Stored items
*** Begin section ***

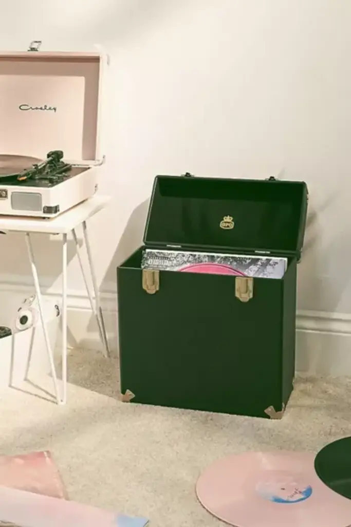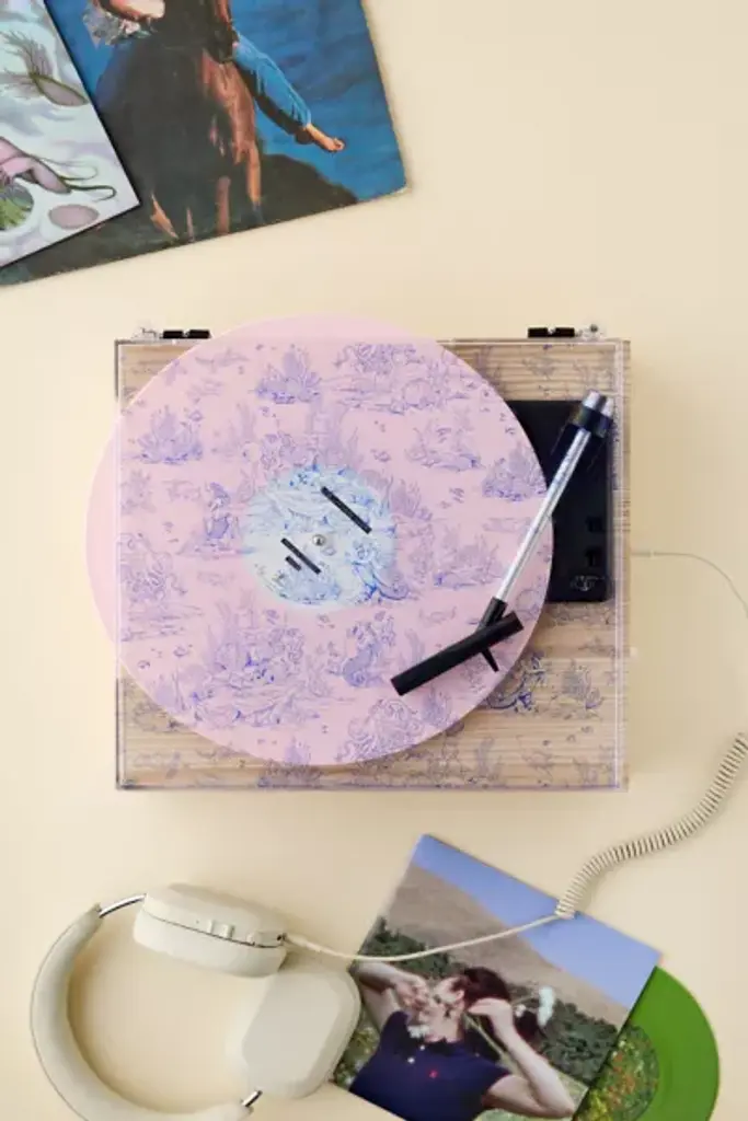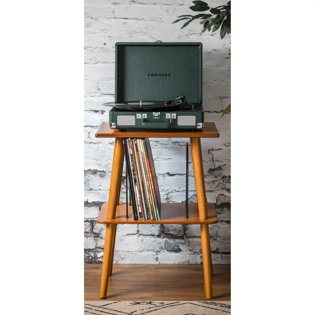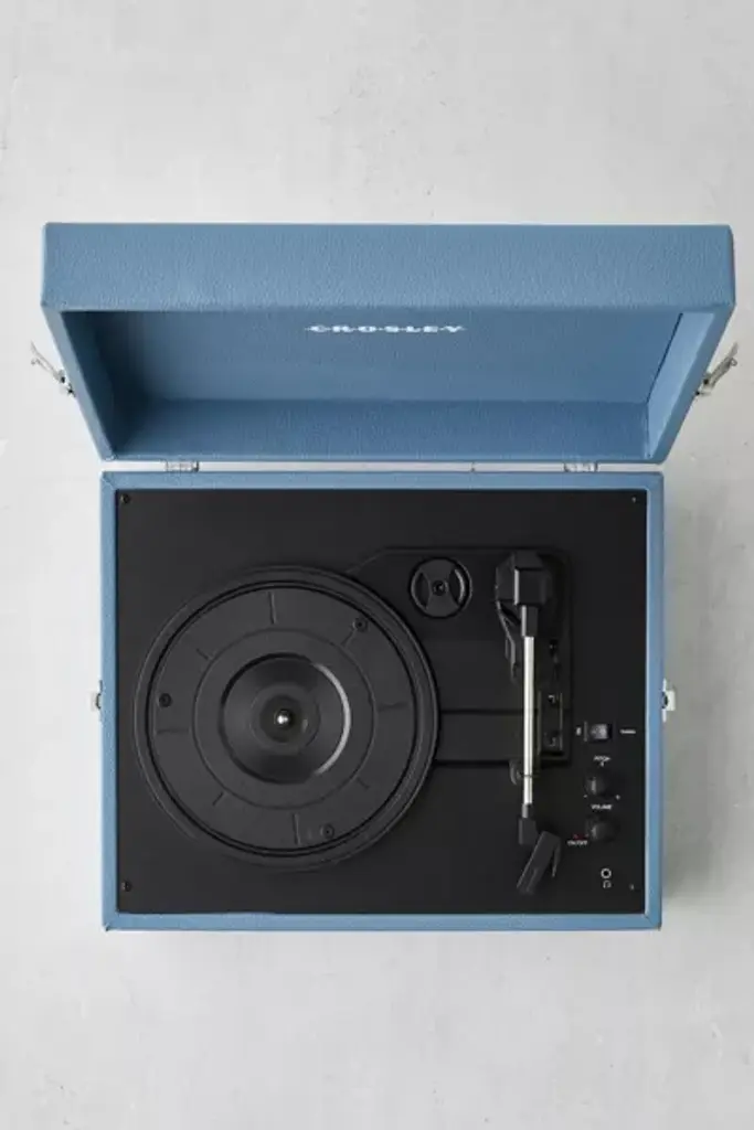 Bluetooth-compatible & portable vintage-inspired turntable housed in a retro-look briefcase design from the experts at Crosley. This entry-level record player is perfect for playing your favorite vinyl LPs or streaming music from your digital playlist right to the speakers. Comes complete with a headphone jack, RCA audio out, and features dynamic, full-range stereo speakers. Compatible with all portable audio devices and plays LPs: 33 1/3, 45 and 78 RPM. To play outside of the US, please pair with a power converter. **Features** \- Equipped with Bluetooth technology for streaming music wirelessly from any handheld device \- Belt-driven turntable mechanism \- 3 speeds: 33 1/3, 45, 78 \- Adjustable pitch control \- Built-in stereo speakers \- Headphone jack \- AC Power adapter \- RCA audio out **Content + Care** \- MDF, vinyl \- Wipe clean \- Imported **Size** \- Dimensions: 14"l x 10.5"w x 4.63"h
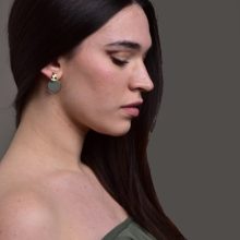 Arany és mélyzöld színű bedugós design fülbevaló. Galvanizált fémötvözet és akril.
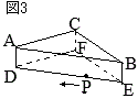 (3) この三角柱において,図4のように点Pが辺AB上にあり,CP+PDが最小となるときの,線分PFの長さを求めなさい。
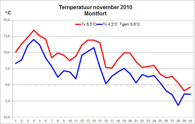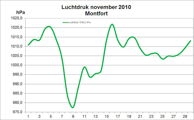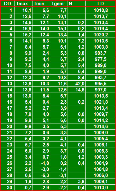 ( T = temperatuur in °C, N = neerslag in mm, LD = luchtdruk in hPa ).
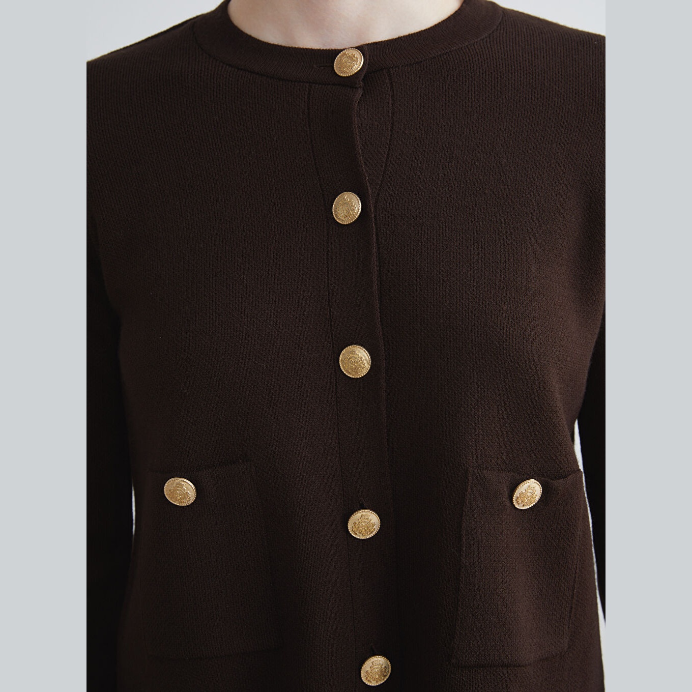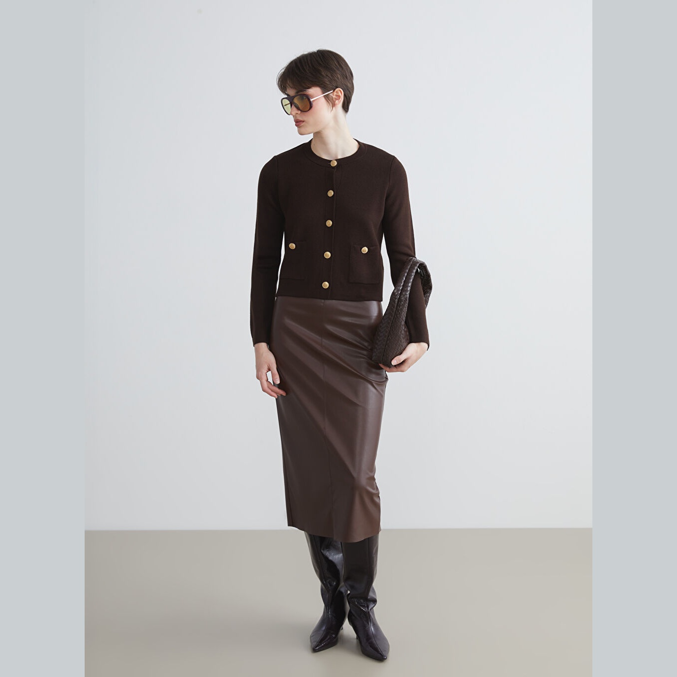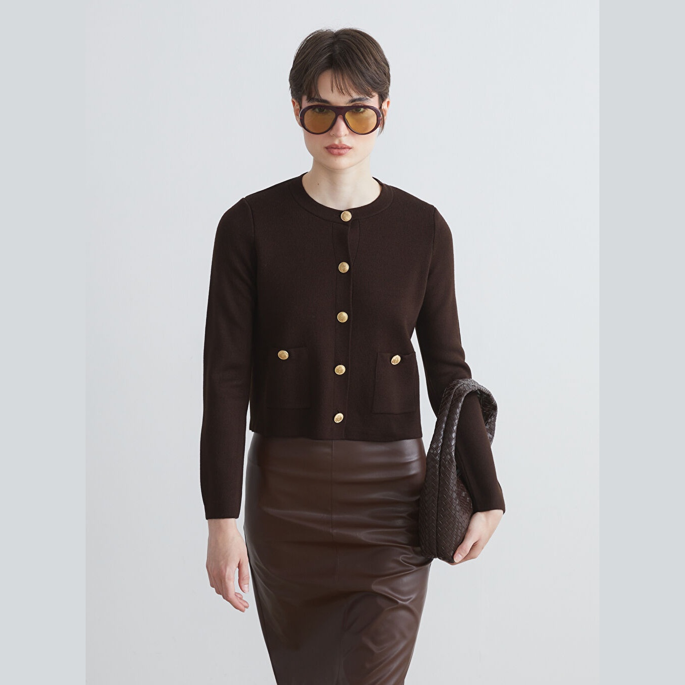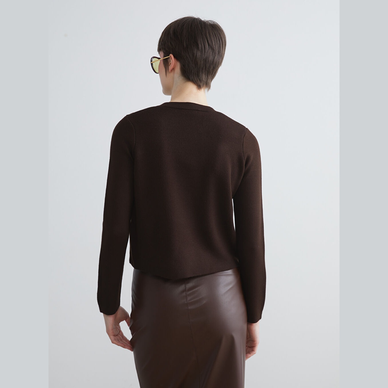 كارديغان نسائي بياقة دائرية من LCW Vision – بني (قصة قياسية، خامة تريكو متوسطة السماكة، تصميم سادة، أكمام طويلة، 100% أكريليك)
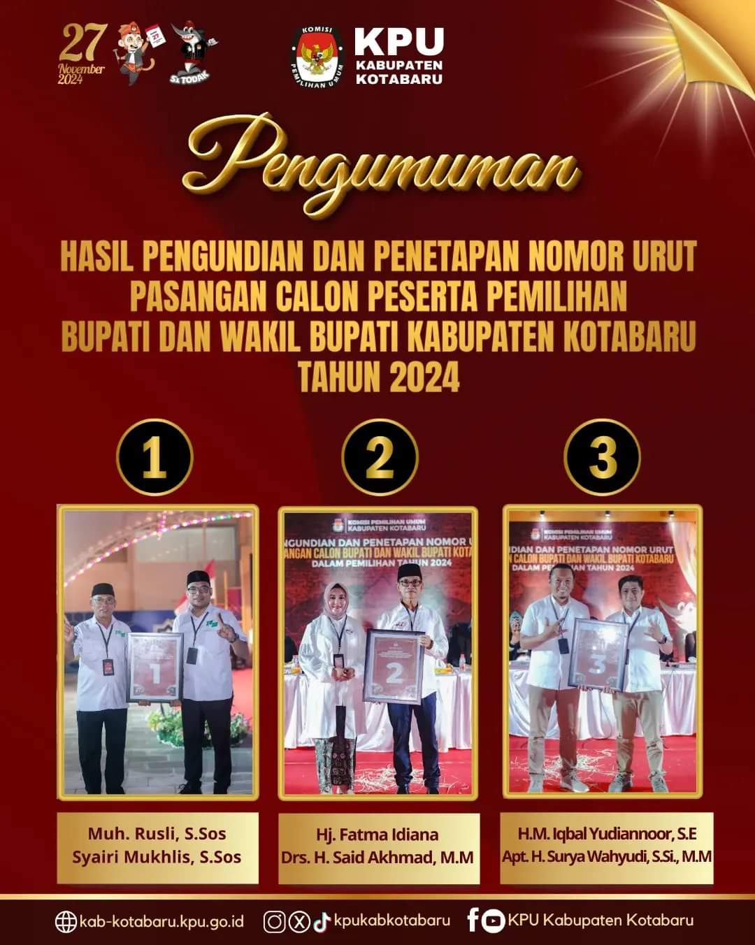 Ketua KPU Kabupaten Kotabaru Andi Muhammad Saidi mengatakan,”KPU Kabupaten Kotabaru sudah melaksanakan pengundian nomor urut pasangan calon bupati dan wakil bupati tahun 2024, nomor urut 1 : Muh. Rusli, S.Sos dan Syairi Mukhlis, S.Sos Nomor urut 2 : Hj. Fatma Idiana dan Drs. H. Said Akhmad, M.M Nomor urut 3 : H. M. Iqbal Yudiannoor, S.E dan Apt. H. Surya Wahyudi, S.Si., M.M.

*** End section ***

◆ **PROBLEM TO WORK ON**
Starting with the line that contains "( T = temperatuur", give the lines again exactly as they appear through the last line of the data, pictures excluded.

◆ **RESPONSE**
 ( T = temperatuur in °C, N = neerslag in mm, LD = luchtdruk in hPa ).
 كارديغان نسائي بياقة دائرية من LCW Vision – بني (قصة قياسية، خامة تريكو متوسطة السماكة، تصميم سادة، أكمام طويلة، 100% أكريليك)
 Ketua KPU Kabupaten Kotabaru Andi Muhammad Saidi mengatakan,”KPU Kabupaten Kotabaru sudah melaksanakan pengundian nomor urut pasangan calon bupati dan wakil bupati tahun 2024, nomor urut 1 : Muh. Rusli, S.Sos dan Syairi Mukhlis, S.Sos Nomor urut 2 : Hj. Fatma Idiana dan Drs. H. Said Akhmad, M.M Nomor urut 3 : H. M. Iqbal Yudiannoor, S.E dan Apt. H. Surya Wahyudi, S.Si., M.M.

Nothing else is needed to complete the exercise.